The hematologic compartment of the bone marrow consists of a variety of cellular niches that favor differentiation of various hematopoietic progenitor cells.¹¹ The niches are distinguished by a variety of locally produced cytokines and growth factors, so that one niche may be more likely to support differentiation of erythroid precursors into erythrocytes, whereas granulocytes may differentiate in a different site.

Cell Differentiation

Each type of blood cell originates from common hematopoietic stem cells that proliferate and differentiate under control of a variety of cytokines and growth factors (Figure 25-9 and see Table 25-4). During this process some hematopoietic stem cells undergo different paths of differentiation into more differentiated stem cells that are committed to a particular line of blood cells.

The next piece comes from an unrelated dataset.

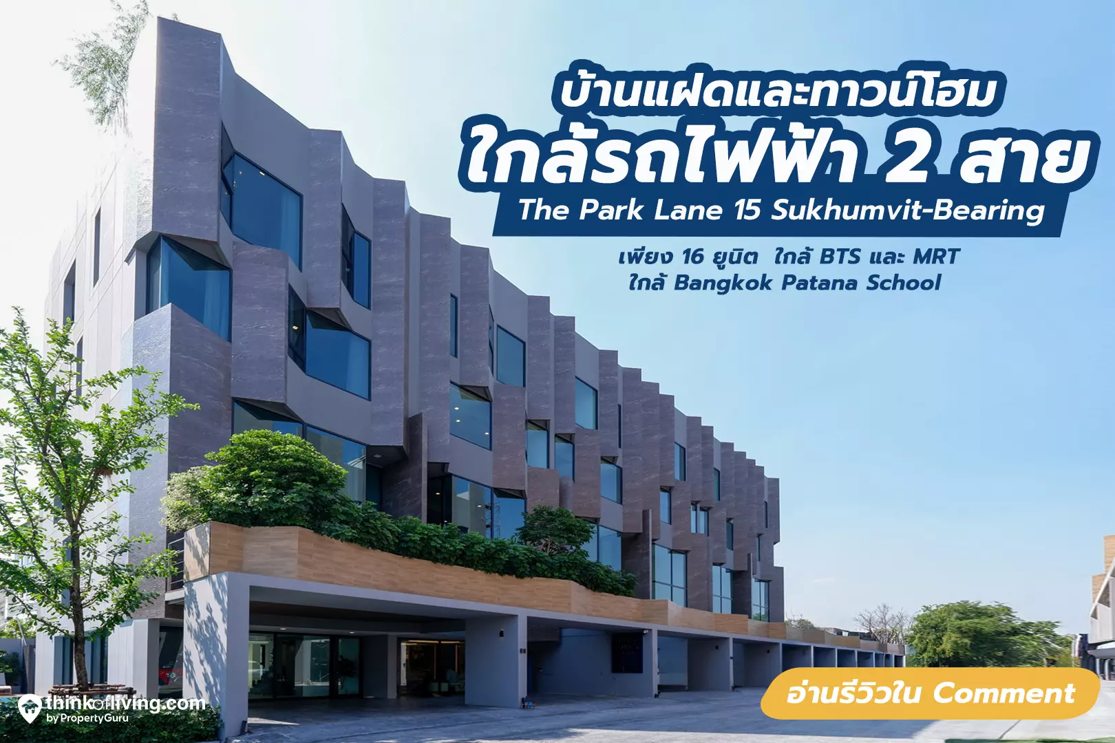 เปิดตัวโครงการ The Park Lane 15 Sukhumvit – Bearing (เดอะ พาร์คเลน 15 สุขุมวิท – แบริ่ง) บ้านแฝดและทาวน์โฮม ทำเลใกล้ BTS แบริ่งและ MRT ศรีแบริ่ง แล้วยังไม่ไกลจากโรงเรียนนานาชาติชื่อดังหลายแห่ง ผู้ปกครองไปรับ-ส่งลูกหลานได้สบายๆ สำหรับ Highlights ที่น่าสนใจจะมีอะไรบ้าง ไปชมกันเลย

All humans originate from a single cell (the fertilized egg) that has the capacity to proliferate and eventually differentiate into the huge diversity of cells of the human body. After fertilization, the egg divides over a 5-day period to form a hollow ball (blastocyst) that implants on the uterus. Until about 3 days after fertilization, each cell (blastomere) is undifferentiated and retains the capacity to differentiate into any cell type. In the 5-day blastocyst, the outer layer cells have undergone differentiation and commitment to become the placenta. Cells of the inner cell mass (embryonic stem cells), however, continue to have unlimited differentiation potential (currently referred to as being pluripotent) and can grow into different kinds of tissue—blood, nerves, heart, bone, and so forth. After implantation, cells of the inner cell mass begin differentiation into other cell types. Differentiation is a multistep process and results in intermediate groups of stem cells (multipotent stem cells) with more limited, but still impressive, abilities to differentiate into many different types of cells (see Figure 25-9).¹²

The hematopoietic organs contain a population of hematopoietic stem cells that have partially differentiated.¹³ They have the capacity to differentiate easily into any of the hematologic cell populations but are very difficult to differentiate into other cell types, like nerve or muscle cells.¹² The challenge of getting any partially committed multipotent stem cells to differentiate reliably involves coaxing them with identical chemical signals that the body uses naturally for differentiation. This is a daunting task with potentially astonishing clinical implications. For example, bone marrow might become the reservoir from which stem cells are harvested and then stimulated to produce nerve cells to help with the treatments of spinal cord injuries.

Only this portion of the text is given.